[Start of section]

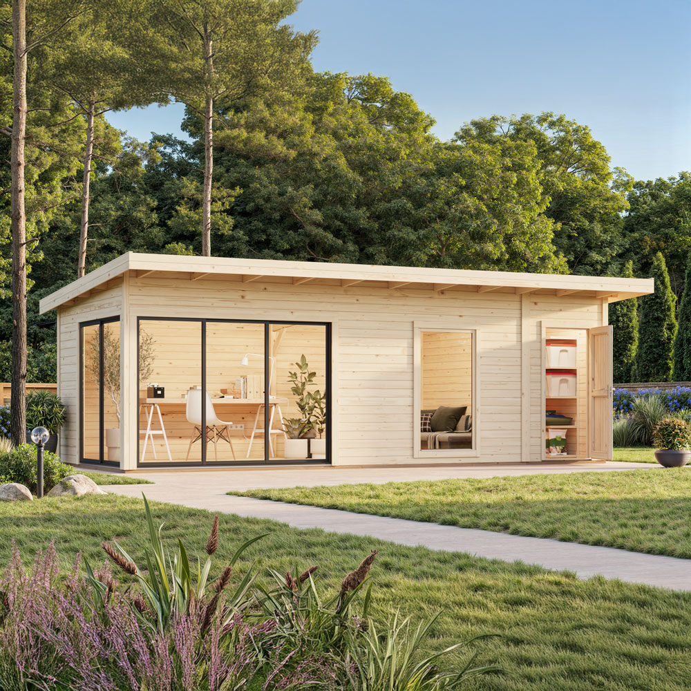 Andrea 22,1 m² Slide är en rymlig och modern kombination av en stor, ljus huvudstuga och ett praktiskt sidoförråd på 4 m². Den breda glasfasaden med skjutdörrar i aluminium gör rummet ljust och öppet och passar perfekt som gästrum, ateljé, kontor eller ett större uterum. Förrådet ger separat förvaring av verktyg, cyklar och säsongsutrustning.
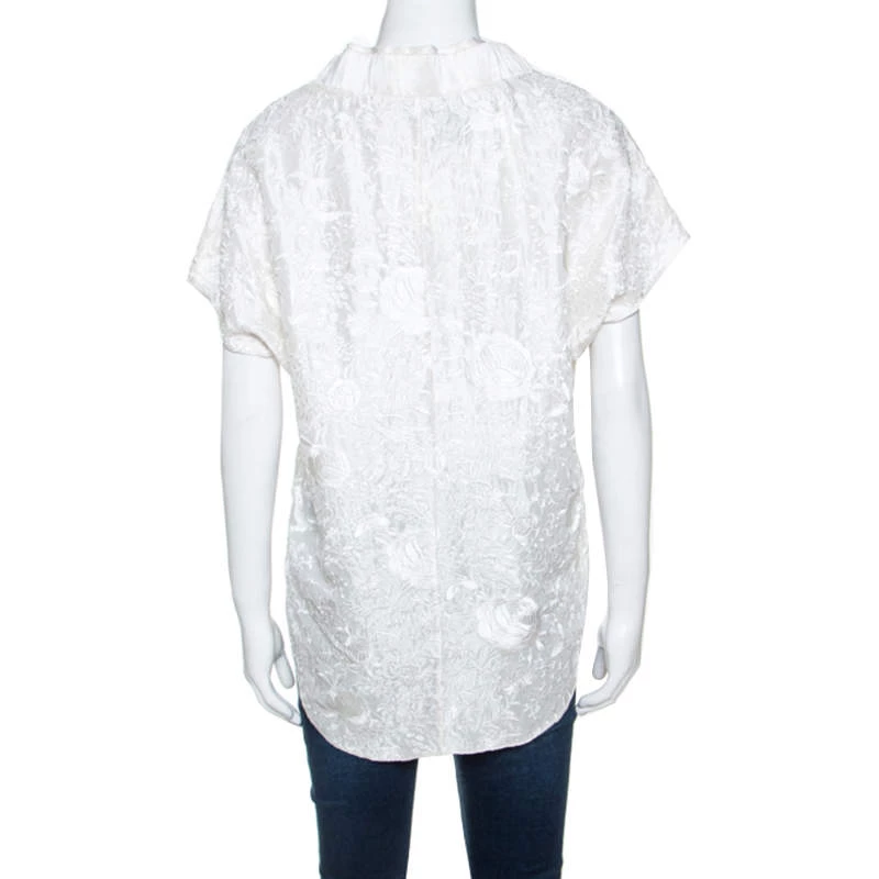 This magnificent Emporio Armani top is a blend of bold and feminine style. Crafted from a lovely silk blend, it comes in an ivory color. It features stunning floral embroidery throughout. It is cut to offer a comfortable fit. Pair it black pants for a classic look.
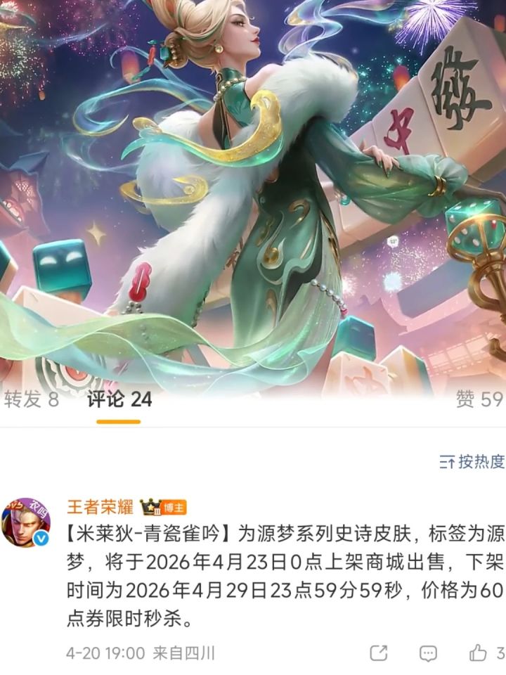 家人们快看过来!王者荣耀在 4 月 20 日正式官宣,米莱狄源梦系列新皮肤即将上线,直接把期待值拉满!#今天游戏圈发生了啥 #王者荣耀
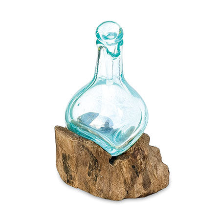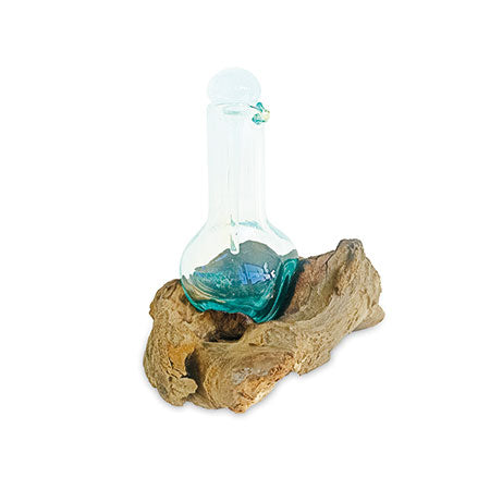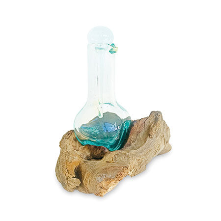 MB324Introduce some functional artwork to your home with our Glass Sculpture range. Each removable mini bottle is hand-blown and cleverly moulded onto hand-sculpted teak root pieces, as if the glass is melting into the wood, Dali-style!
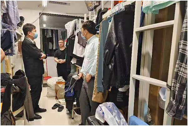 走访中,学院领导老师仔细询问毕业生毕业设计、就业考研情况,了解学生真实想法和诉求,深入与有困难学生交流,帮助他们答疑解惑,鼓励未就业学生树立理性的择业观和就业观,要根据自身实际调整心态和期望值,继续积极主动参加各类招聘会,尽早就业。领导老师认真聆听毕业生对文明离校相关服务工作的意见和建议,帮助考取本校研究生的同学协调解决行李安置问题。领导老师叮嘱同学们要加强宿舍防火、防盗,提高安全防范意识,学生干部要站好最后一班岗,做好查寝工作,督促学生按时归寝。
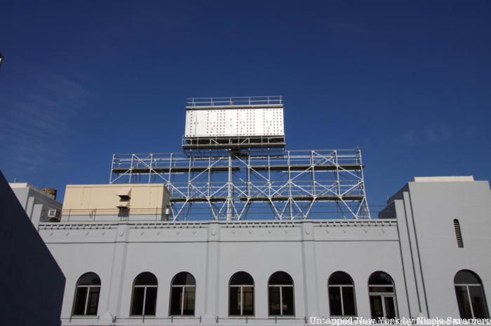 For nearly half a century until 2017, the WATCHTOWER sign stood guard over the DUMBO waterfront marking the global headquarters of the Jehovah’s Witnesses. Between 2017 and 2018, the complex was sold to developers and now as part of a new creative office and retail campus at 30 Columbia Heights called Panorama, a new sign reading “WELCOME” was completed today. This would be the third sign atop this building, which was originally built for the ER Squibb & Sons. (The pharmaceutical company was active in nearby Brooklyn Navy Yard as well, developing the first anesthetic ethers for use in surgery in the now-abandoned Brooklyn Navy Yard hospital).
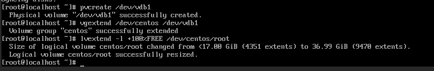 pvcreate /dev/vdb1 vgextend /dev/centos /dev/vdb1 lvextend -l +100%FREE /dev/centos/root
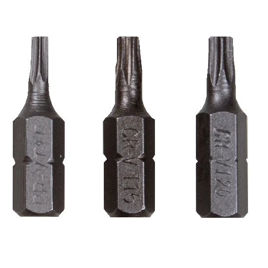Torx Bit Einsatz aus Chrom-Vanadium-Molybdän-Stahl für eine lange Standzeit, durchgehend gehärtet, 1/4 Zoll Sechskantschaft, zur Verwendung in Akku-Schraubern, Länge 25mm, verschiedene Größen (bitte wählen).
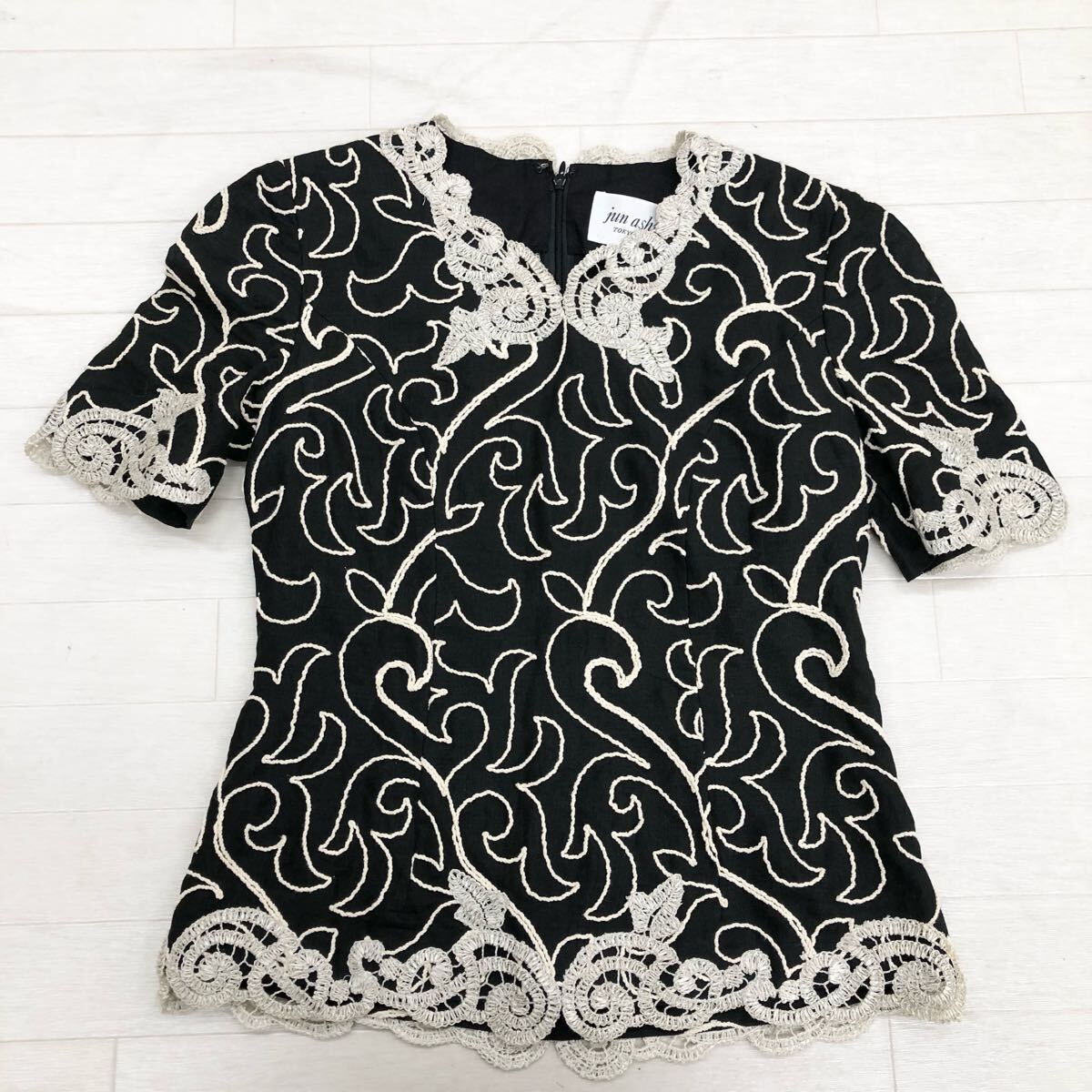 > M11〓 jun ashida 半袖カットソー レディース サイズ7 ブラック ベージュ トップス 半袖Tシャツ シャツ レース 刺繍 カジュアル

[End of section]
[Start of section]

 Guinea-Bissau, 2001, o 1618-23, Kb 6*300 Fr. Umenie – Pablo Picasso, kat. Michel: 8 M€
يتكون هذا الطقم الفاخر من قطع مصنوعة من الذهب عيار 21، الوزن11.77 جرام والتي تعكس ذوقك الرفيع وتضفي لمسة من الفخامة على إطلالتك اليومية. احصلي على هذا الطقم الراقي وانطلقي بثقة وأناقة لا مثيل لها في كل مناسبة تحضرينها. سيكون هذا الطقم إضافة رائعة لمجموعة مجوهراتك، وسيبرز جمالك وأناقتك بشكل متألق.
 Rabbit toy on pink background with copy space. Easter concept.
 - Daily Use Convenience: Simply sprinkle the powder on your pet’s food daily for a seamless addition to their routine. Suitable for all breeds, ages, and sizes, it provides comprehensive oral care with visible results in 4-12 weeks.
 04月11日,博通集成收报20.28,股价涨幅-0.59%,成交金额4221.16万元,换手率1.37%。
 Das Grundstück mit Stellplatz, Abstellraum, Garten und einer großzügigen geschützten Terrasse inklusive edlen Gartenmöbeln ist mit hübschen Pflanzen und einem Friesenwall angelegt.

[End of section]

> [Your task]: Start with the line above that contains "- Daily Use" and stop after the line that contains "Das Grundstück mit". Output those lines exactly, and only those.

> [Answer for the task]:
 - Daily Use Convenience: Simply sprinkle the powder on your pet’s food daily for a seamless addition to their routine. Suitable for all breeds, ages, and sizes, it provides comprehensive oral care with visible results in 4-12 weeks.
 04月11日,博通集成收报20.28,股价涨幅-0.59%,成交金额4221.16万元,换手率1.37%。
 Das Grundstück mit Stellplatz, Abstellraum, Garten und einer großzügigen geschützten Terrasse inklusive edlen Gartenmöbeln ist mit hübschen Pflanzen und einem Friesenwall angelegt.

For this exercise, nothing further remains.